In any event, volumewise I presume Ali does more environmental damage than hobby electronics being shipped through Amazon.
It's easy to be snobbish about "low quality crap" from Shein etc if you have the money and preference to buy better, but for many people cheap stuff from China, whether bought in Walmart or online, is a godsend.
In terms of jobs and American manufacturers, there is zero demand for clothing sweatshop jobs in America, just as you don't see Americans lining up to replace illegals for low wage crop picking jobs.
All this is doing is making things more expensive for consumers. It's a consumer tax paid for by those who can least afford it.
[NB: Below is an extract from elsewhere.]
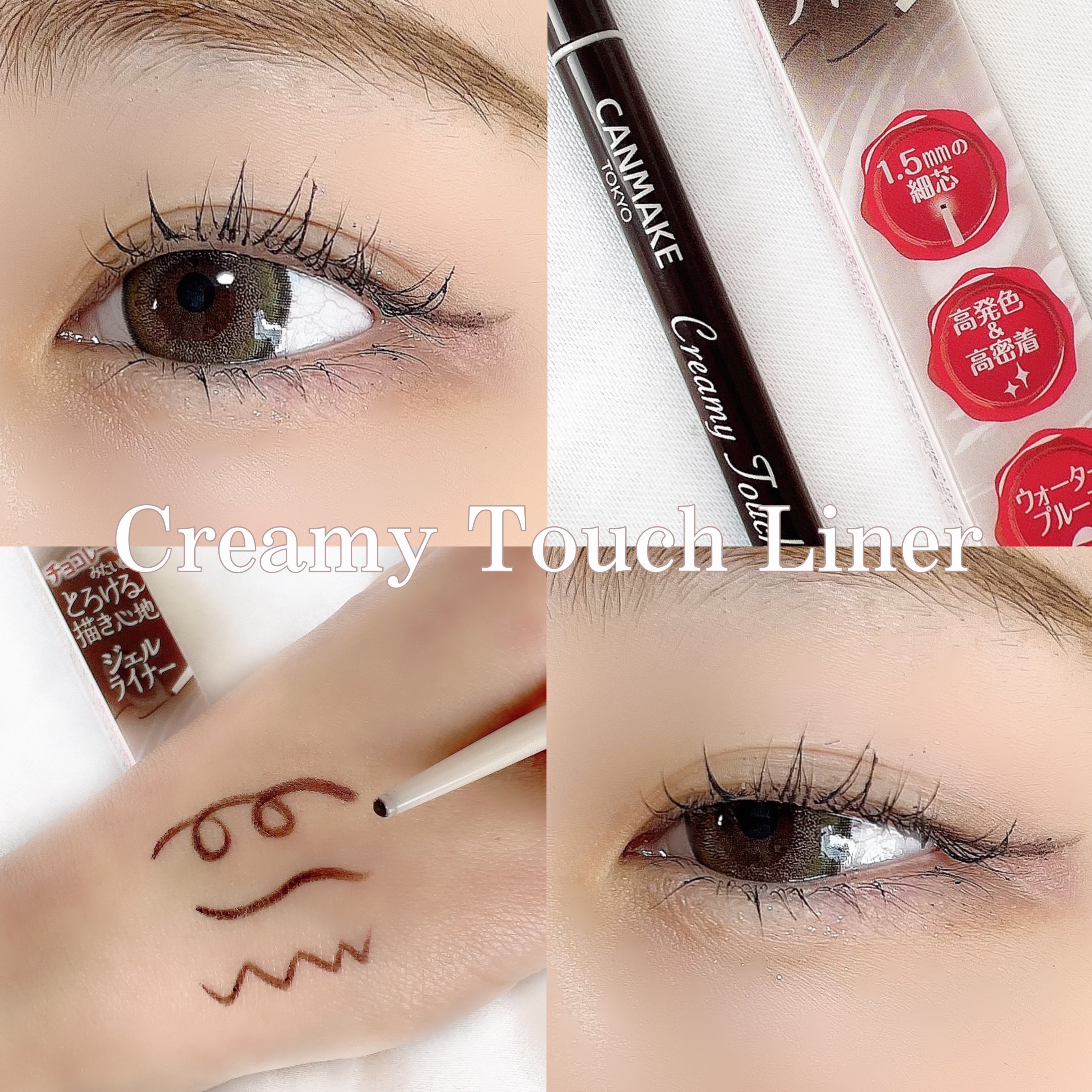 キャンメイクの超人気商品 クリーミータッチライナーを初購入したので紹介いたします! 描き心地の良さにビックリしました😳 するする〜となめらかに描けます! 発色も良くしかも乾くと落ちにくい‼︎ 1.5㎜の超極細芯でまつ毛のすき間も楽に埋めることができます👍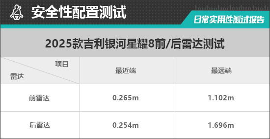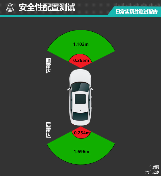 前驻车雷达最远可在1.102m处感应到前方物体,雷达功率表现中规中矩,持续蜂鸣提示距离为0.265m,表现与同级别车型测试均值较为接近。

There is a reason shipping stopped.
I'm happy if there's an environmental improvement from this (never bought from the stores you mentioned), but a counterpoint may be in how all this impacts those trying to operate repair shops, labs, and teach science. Bunnie Huang had some arguments on tariffs back in 2018: https://www.bunniestudios.com/blog/2018/new-us-tariffs-are-a...
There were some arguments from repair youtuber Louis Rossmann also from a few months ago: https://m.youtube.com/watch?v=xR2_eqNL604&pp=ygUWbG91aXMgcm9...
People think that this just means that their nieces will stop buying junky fast fashion or whatever but that their own clean aescetic lifestyle will be unimpacted. But, no, that avocado toast is bankrolled by your employer and IRA and investment accounts or whatever, none of which are prepared for a 10% GDP contraction (or whatever) because the rubes can't buy their skorts anymore.
Economies are boats. We all sink or swim together.
I don't think this will give big advantage to US shops, it will mostly be extra expenses for consumers.
Americans are rich and will buy wastefully made expensive item if cheaper alternative is not available.